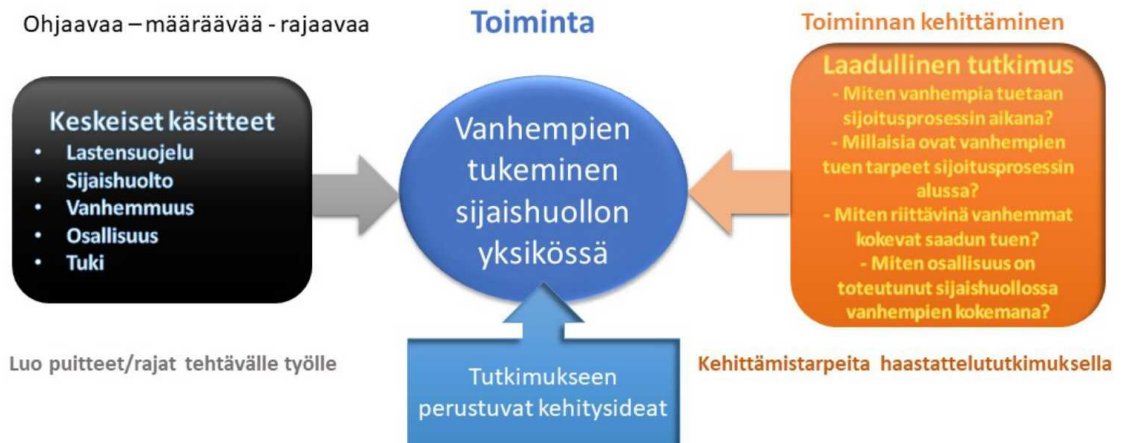
Kuvio 1. Opinnäytetyön viitekehys

riittävinä vanhemmat kokevat saadun tuen? Sekä miten osallisuus on toteutunut sijaishuollossa vanhempien kokemana? Näihin vastauksia lähdin hakemaan teemahaastattelun avulla ja vastaukset analysoin sisällön analyysin keinoin. Analysoinnin tulosten ja johtopäätösten perusteella sain vastaukset tutkimuskysymyksiini, joita toimeksiantaja voi hyödyntää toiminnan kehittämiseksi.
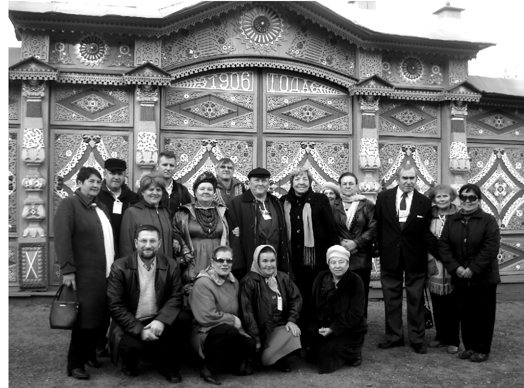
Липоване и семейские в Этнографическом музее народов Забайкалья. 12 октября 2009 г.

яркие и расписные, а традиционная липованская кухонная утварь давно заменена современной техникой, то в некоторых семейских селах Бурятии эта самобытность сохраняется. Все же для сохранения русского языка в Румынии проводятся разнообразные мероприятия: печатаются старообрядческие газеты и журналы на русском языке, проводятся соревнования, олимпиады. В 2003 году мэр Москвы Юрий Лужков подарил румынам русского происхождения 10 тыс. томов учебников и хрестоматий для учеников, изучающих родной русский язык.
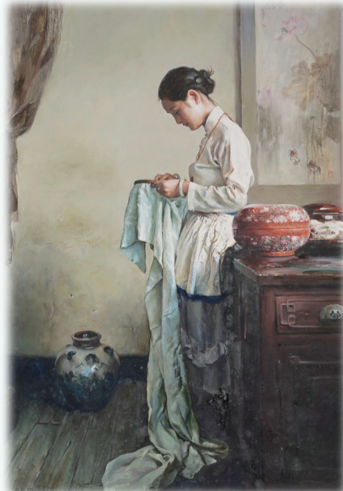
《绣》1996年 116×80cm 浙江美术馆藏

“江南好,风景旧曾谙。日出江花红胜火,春来江水绿如蓝。能不忆江南?”美,来自生活。由浙江美术馆、内蒙古美术馆共同主办的“风景旧曾谙——潘鸿海油画艺术展”于7月25日至8月17日在内蒙古美术馆7、8号展厅展出。
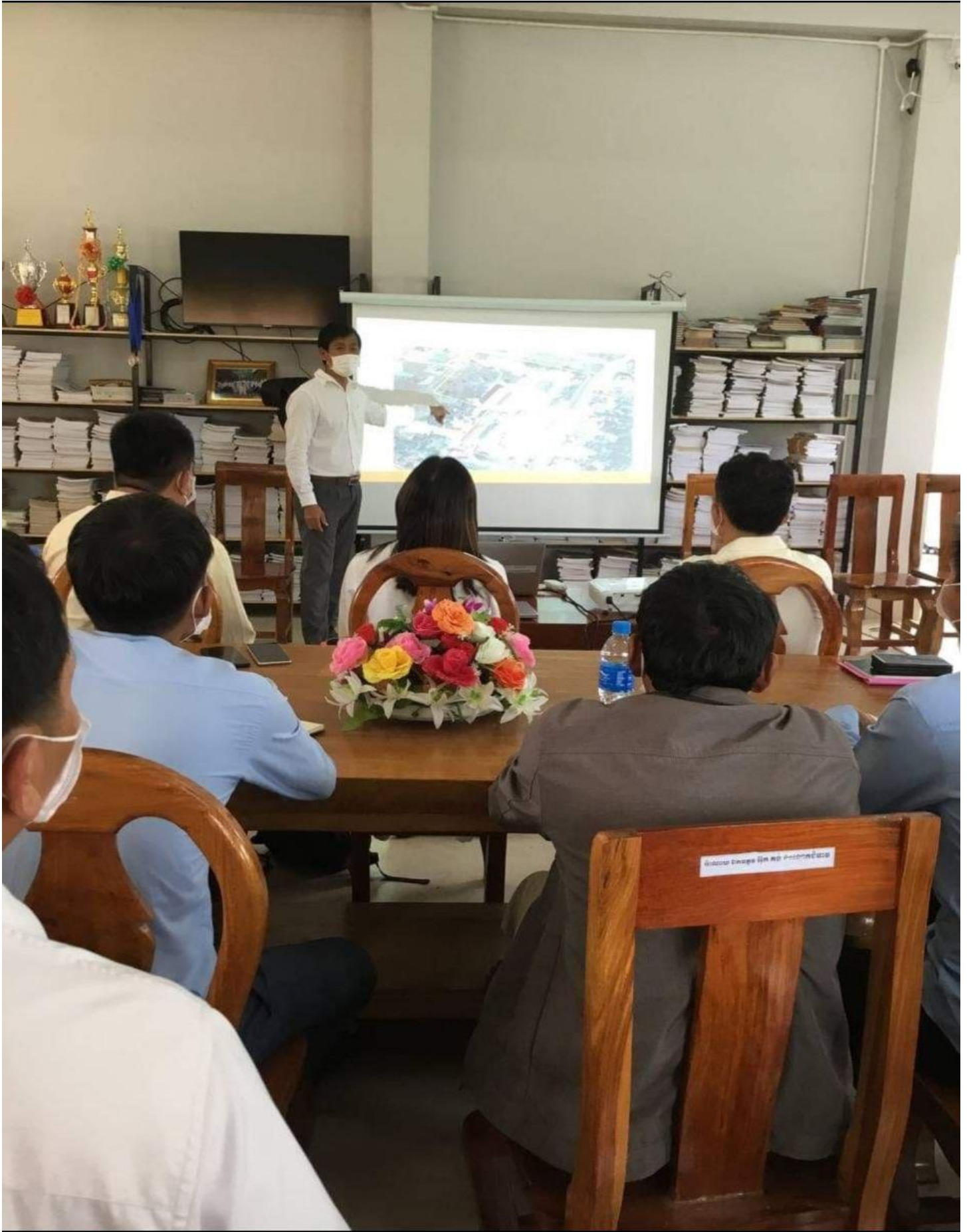
រូបភាពទី១: សកម្មភាពប្រជុំធ្វើផែនការយុទ្ធសាស្ត្រអភិវឌ្ឍន៍សាលារៀន
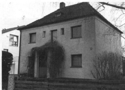
Mitterweg 2b: 15 Jahre Dieses Haus mit großem Garten steht laut Nachbarn schon seit 15 Jahren leer. Die Eigentümerin will einfach nicht vermieten.
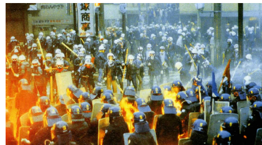
成田空港反対闘争（警備部隊を攻撃する極左） （昭和60年10月）
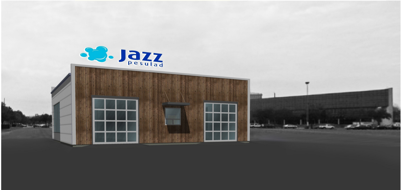
Variant 1. illustreeriv joonis*
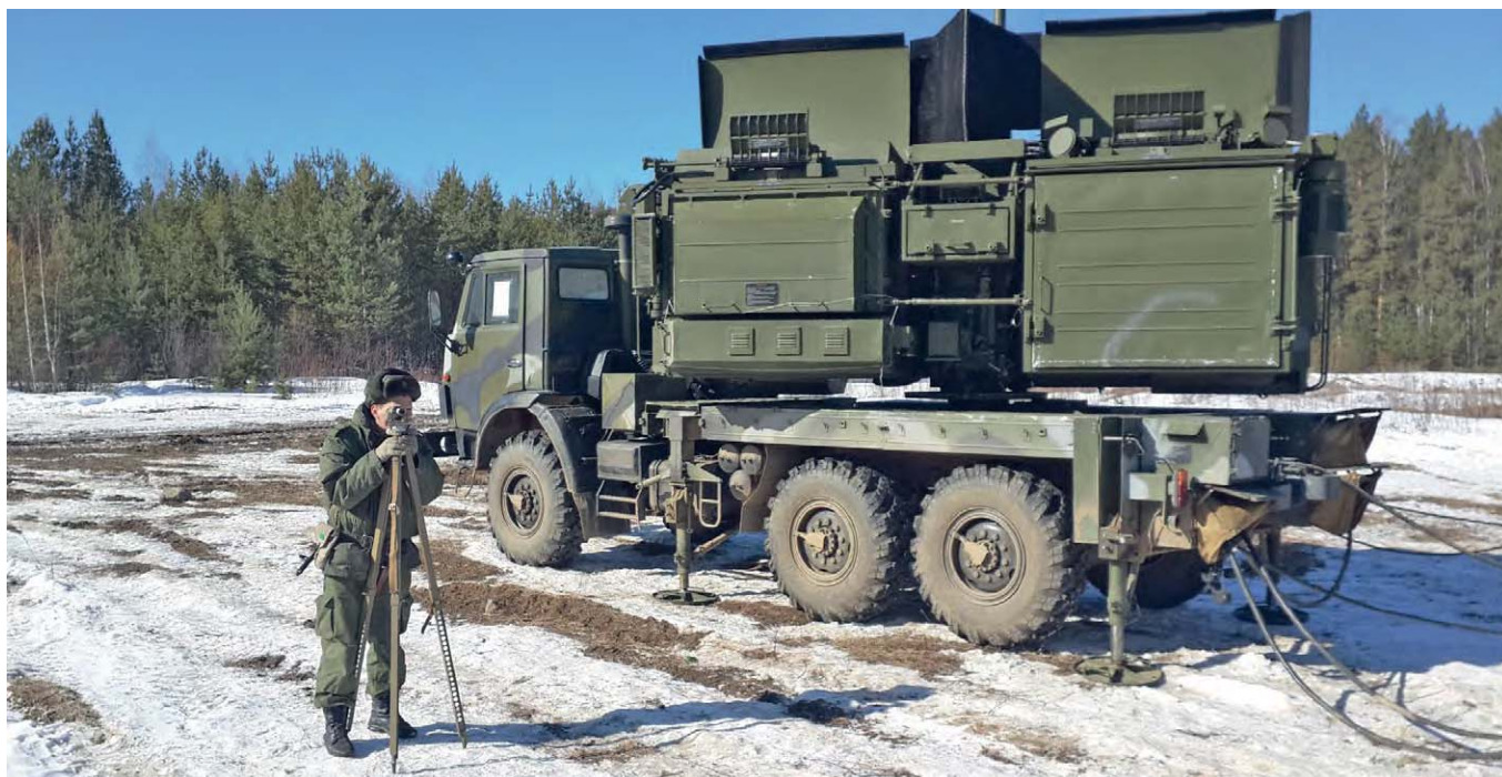
Ориентирование станции помех

ности части. В 2015 году подготовка личного состава была направлена на достижение главной цели — успешного выполнения задач в ходе СКШУ «Центр-2015». Поэтому основной упор делался на совершенствование полевой выучки личного состава. Впервые в истории части в зимнем периоде обучения в течение месяца проведен полевой выход без опоры на казарменно-жилищный фонд. На Свердловском учебном центре своими силами был оборудован благоустроенный полевой лагерь, который позволил организовать подготовку личного состава с комфортом в непростых условиях суровой уральской зимы. В ходе полевого выхода отработаны вопросы слаживания взводов и рот, основное внимание уделялось практической работе на технике.

| Work instruction |
Would you repeat the listing above exactly, minus the images?

| Response area |
Kuvio 1. Opinnäytetyön viitekehys

riittävinä vanhemmat kokevat saadun tuen? Sekä miten osallisuus on toteutunut sijaishuollossa vanhempien kokemana? Näihin vastauksia lähdin hakemaan teemahaastattelun avulla ja vastaukset analysoin sisällön analyysin keinoin. Analysoinnin tulosten ja johtopäätösten perusteella sain vastaukset tutkimuskysymyksiini, joita toimeksiantaja voi hyödyntää toiminnan kehittämiseksi.
Липоване и семейские в Этнографическом музее народов Забайкалья. 12 октября 2009 г.

яркие и расписные, а традиционная липованская кухонная утварь давно заменена современной техникой, то в некоторых семейских селах Бурятии эта самобытность сохраняется. Все же для сохранения русского языка в Румынии проводятся разнообразные мероприятия: печатаются старообрядческие газеты и журналы на русском языке, проводятся соревнования, олимпиады. В 2003 году мэр Москвы Юрий Лужков подарил румынам русского происхождения 10 тыс. томов учебников и хрестоматий для учеников, изучающих родной русский язык.
《绣》1996年 116×80cm 浙江美术馆藏

“江南好,风景旧曾谙。日出江花红胜火,春来江水绿如蓝。能不忆江南?”美,来自生活。由浙江美术馆、内蒙古美术馆共同主办的“风景旧曾谙——潘鸿海油画艺术展”于7月25日至8月17日在内蒙古美术馆7、8号展厅展出。
រូបភាពទី១: សកម្មភាពប្រជុំធ្វើផែនការយុទ្ធសាស្ត្រអភិវឌ្ឍន៍សាលារៀន
Mitterweg 2b: 15 Jahre Dieses Haus mit großem Garten steht laut Nachbarn schon seit 15 Jahren leer. Die Eigentümerin will einfach nicht vermieten.
成田空港反対闘争（警備部隊を攻撃する極左） （昭和60年10月）
Variant 1. illustreeriv joonis*
Ориентирование станции помех

ности части. В 2015 году подготовка личного состава была направлена на достижение главной цели — успешного выполнения задач в ходе СКШУ «Центр-2015». Поэтому основной упор делался на совершенствование полевой выучки личного состава. Впервые в истории части в зимнем периоде обучения в течение месяца проведен полевой выход без опоры на казарменно-жилищный фонд. На Свердловском учебном центре своими силами был оборудован благоустроенный полевой лагерь, который позволил организовать подготовку личного состава с комфортом в непростых условиях суровой уральской зимы. В ходе полевого выхода отработаны вопросы слаживания взводов и рот, основное внимание уделялось практической работе на технике.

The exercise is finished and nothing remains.